According to P. Adams Sitney, the trend in American avant-garde cinema during the late 1940s and 1950s (such as the work of Maya Deren and Stan Brakhage) was towards "increased complexity". Since the mid-1960s, filmmakers such as Michael Snow, Hollis Frampton, Paul Sharits, Tony Conrad and Joyce Wieland produced works where simplicity was foregrounded. Sitney labeled this tendency "structural film." The four characteristics of structural film are "fixed camera position…the flicker effect, loop printing, and rephotography off the screen." Sitney describes Snow as the "dean of structural film-makers" who "utilizes the tension" of Wavelength's use of a "fixed-frame and…the flexibility of the fixed tripod". Where Sitney describes structural film as a "working process," Stephen Heath in Questions of Cinema finds Wavelength "seriously wanting" in that the "implied…narrative in some ways a retrograde step in cinematic form". To Heath, the principal theme of Wavelength is the "question of the cinematic institution of the subject of film" rather than the apparatus of filmmaking itself.

In 2003, Snow released WVLNT (or Wavelength For Those Who Don't Have the Time), a shorter (1/3 of the original time) and significantly altered version by overlaying multiple forms of the original film upon itself.

The screening of Wavelength in 1967 was, according to filmmaker Jonas Mekas, "a landmark event in cinema." Considered a canonical avant-garde film along with Léger and Murphy's Ballet mecanique (1924), Buñuel and Dalí's Un chien andalou (1929), Maya Deren's Meshes of the Afternoon (1943), Stan Brakhage's Mothlight (1963) and Kenneth Anger's Scorpio Rising (1964), Wavelength's 45-minute running time nevertheless contributes to a reputation for being a difficult work:

iven the film's durational strategy, we feel every minute of the time it takes to traverse the space of the loft to get to the infinite space of the photograph of waves—and the fade to white—at the film's end. The film inspires as much boredom and frustration as intrigue and epiphany...".

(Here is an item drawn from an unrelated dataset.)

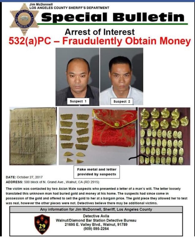 The victim was contacted by two Asian Male suspects who presented a letter of a man’s will. The letter loosely translated this unknown man had buried gold and money at his home.

The film won the Grand Prix at the 1967 Knokke Experimental Film Festival, Knokke, Belgium. and in a 1968 Film Quarterly review, Jud Yalkut describes Wavelength as "at once one of the simplest and one of the most complex films ever conceived." In a 1968 L.A. Free Press review of the film, Gene Youngblood describes Wavelength as "without precedent in the purity of its confrontation with the essence of cinema: the relationships between illusion and fact, space and time, subject and object. It is the first post-Warhol, post-Minimal movie; one of the few films to engage those higher conceptual orders which occupy modern painting and sculpture. It has rightly been described as a ‘'triumph of contemplative cinema.'"

Wavelength ranked 102nd in the 2012 Sight & Sound critics' poll of the greatest films ever made, and also received three directors' votes.